『団長』と集合写真
ルチアは話し終えてからどう思うです? とマクシムたちに質問した。
マクシムは「勇者たちの集合写真についてだよね」と確認しながら言う。
「えーっと、実際にたくさんの勇者が死んだんだよね? なら、やっぱりサルドは遺影として撮ったんじゃないかな。生き残る人に忘れて欲しくなかったんじゃないかな」
そこでナタリアは「ですが」と口を挟む。
「ひいおじい様も映っていたと思いますが、ワタクシはその写真を見た記憶がございません」
「それは生きて帰ってきたからで」
「逆ではありませんか。ひいおじい様は生きて帰りました。亡くなった仲間たちが映っているのでしたら、大切にしますわ」
「それもそうだね。でも七十年以上前の写真だから劣化して捨てられちゃったとか」
「それでも捨てるようなことはありませんわ」
「じゃあ、逆に大切にし過ぎて保管していたら場所が分からなくなったとか」
「うちはそこそこ広いと思いますけど、あなたがいない間に一通り片づけました。整理整頓はきちんとしていますわ」
「あ、はい」
なんとなくあんまりこの点は言及しない方が良さそうだ。
アメデオ・サバトは芸術を解する心があったし、それでなくても情に厚いタイプだったような記憶がある。
マクシムの印象だけでなく、血の繋がったナタリアの発言は重視すべきだろう。
ルチアは言う。
「実際のところ、アメデオさまはその写真を捨ててしまったのです。これは勘違いによるものです」
「勘違いですか」
「はいです。アメデオさまは写真にアダムさまが映っていると思ったのです。自分たちの手で殺してしまった罪悪感から持ち続けることができなかったのです。その勘違いをさせたのはサルドの野郎だったので、アメデオさまに罪はないのです」
しかし、ルチアは本当に『予言者』サルド・アレッシに辛辣である。
「えーっと、勘違いさせた理由は何なのさ」
「まず勇者の中にアダムさまを記録として残さないためです。事実、勇者としての公的な記録は一切残っていないのです。アダム・ザッカーバードという人物は全然別の場所で死亡したことになっているのです」
「それは結局、最後アダムを殺すために?」
「はいです。ただ、気は進まないのですが、サルドの名誉のためにフォローすると、です。最初からアダムさまを殺すつもりではなかったのです。その可能性がどれほど濃厚だったとしても、そこまで最初から決められるほどサルドは予知能力者としての実力がないのです」
「それはフォローなのかな……」
ナタリアは「まず、ということは」と目を閉じて黙考しながら言う。
「写真には他にも理由があるということですね」
「そうです。あれは大量の『魔王の眷属』の死体を並べ、『団長』ルカさまの実力を証明するための写真なのです」
「ああ、なんか話に聞いただけでも相当な実力者だったみたいだね。王国騎士団の『団長』かぁ。多分今は存在しないよね、その役職」
「はいです。もう王国騎士団は解散されてしまいました。
ルカさまは選ばれた勇者の中で純粋な戦闘技術だけで言えば最高です。『士』クレートさまを上回る唯一の人間なのです」
「史上最強の剣士を上回るんだ……」
「クレートさまが成長し続けていればおそらく異なったのです。その域に達する前に『契約者』になってしまいましたからね。

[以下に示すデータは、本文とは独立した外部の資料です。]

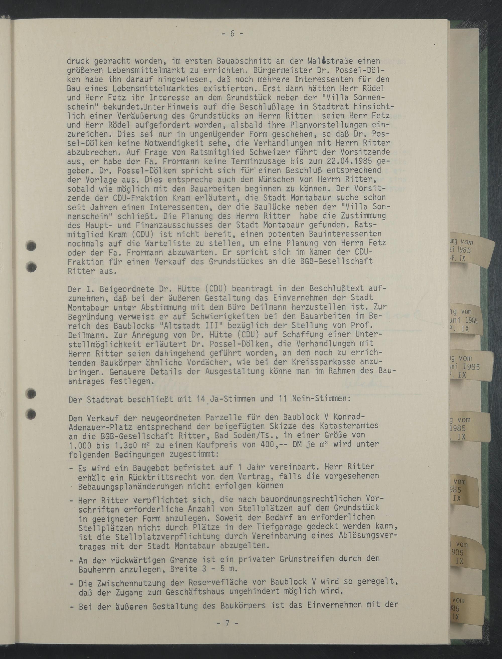 druck gebracht worden, Im ersten Bauabschnitt an der Walzstraße einen größeren Lebensmittelmarkt zu errichten. Bürgermeister Dr. Possei-Döl- ken habe ihn darauf hingewiesen, daß noch mehrere Interessenten für den Bau eines Lebensmittelmarktes existierten..Erst dann hätten Herr Rödel und Herr Fetz ihr Interesse an dem Grundstück neben der "Villa Sonnenschein" bekundet.Unter Hinweis auf die Beschlußlage im Stadtrat hinsichtlich einer Veräußerung des Grundstücks an Herrn Ritter seien Herr Fetz und Herr Rödel aufgefordert worden, alsbald ihre Planvorstellungen einzureichen. Dies sei nur in ungenügender Form geschehen, so daß Dr. Pos- sel-Dölken keine Notwendigkeit sehe, die Verhandlungen mit Herrn Ritter abzubrechen. Auf Frage von Ratsmitglied Schweizer führt der Vorsitzende aus, er habe der Fa. Frormann keine Terminzusage bis zum 22.04.1985 gegeben. Dr. Possel-Dölken spricht sich für'einen Beschluß entsprechend der Vorlage aus. Dies entspreche auch den Wünschen von Herrn Ritter, sobald wie möglich mit den Bauarbeiten beginnen zu können. Der Vorsitzende der CDU-Fraktion Kram erläutert, die Stadt Montabaur suche schon seit Jahren einen Interessenten, der die Baulücke neben der "Villa Sonnenschein" schließt. Die Planung des Herrn Ritter habe die Zustimmung des Haupt- und Finanzausschusses der Stadt Montabaur gefunden. Ratsmitglied Kram (CDU) ist nicht bereit, einen potenten Bauinteressenten nochmals auf die Warteliste zu stellen, um eine Planung von Herrn Fetz oder der Fa. Frormann abzuwarten. Er spricht sich im Namen der CDU- Fraktion für einen Verkauf des Grundstückes an die BGB-Gesellschaft Ritter aus.

ルカさまは特異能力と思考を多重に加速させる組み合わせが相性良すぎなのです。あの境地まで達している人間は現代では二人だけです」
「あ、いることはいるんだ」
「『士』大佐カスト・コルギさま、中佐パオロ・ガリレイさまです」
『暗黒大陸』にて『士』最長派遣の男性をマクシムは思い出す。そういえば、彼は勇者よりも長く『暗黒大陸』にいることになるのか。
「パオロ中佐はその域なんだ」
「ですです。ただ、パオロ中佐は防衛能力は最高クラスですが、攻撃能力はそこまで高くはないのです。あくまでも戦闘技術の評価だけです」
実力と技術は別ということか。
そういえば、マクシム自身も一応少佐ではあるが、戦闘技術なんて皆無だ。
戦闘技術はあくまでも技術でしかなく、それだけが絶対的な評価軸ではないということか。

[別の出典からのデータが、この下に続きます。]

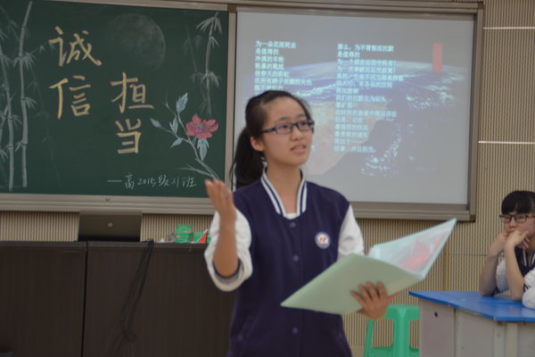 本次班会,每一位同学都主动积极地参与到活动筹备中,无论是《星空下的承诺》的歌词创作,还是一系列“诚信担当小故事”的精彩演绎,抑或是犀利的时评和倾情的朗诵,以及诙谐而深刻的小品,都凝结着大家的智慧与汗水。我们共同担起班级建设的责任,兑现了我们担当做人的承诺!

確かピッキエーレ少佐は最高の剣士だったし、なかなか評価軸がいろいろあって難しい。
「純粋な戦闘能力でもルカさまは現代では比肩する人間はいないのです。それくらいルカさまは強い勇者だったのです」
「じゃあ、暗黒大陸派遣には欠かせない人間だったんじゃ」
「こちらの世界を護るために必要な人材だったのです。暗黒大陸からの『魔王の眷属』の侵略は『魔王』討伐完了まで激しくなるのです」
「ルカ・モレッティって勇者はナタリア知っていた?」
「いえ、ワタクシも知りませんでしたわ」
「実は『魔王の眷属』を討伐数は、『団長』は『案山子』に次ぐ第二位です。暗黒大陸に来ていたら第一位だったかもしれないのです」
それは凄い。
「へー。迎撃だけでその二人より多いのはビックリだね。ちなみに、第三位以下は?」
「『竜騎士』、『士』と続くのです」
ナタリアは首を傾げる。
「ルカ・モレッティという勇者に覚えはありませんわ。ご子孫はおられませんの?」
「『魔王』討伐後は完全に引退して、結構子だくさんの家庭を築いているのです。ただ、現代も戦闘職にいるのは一人だけです。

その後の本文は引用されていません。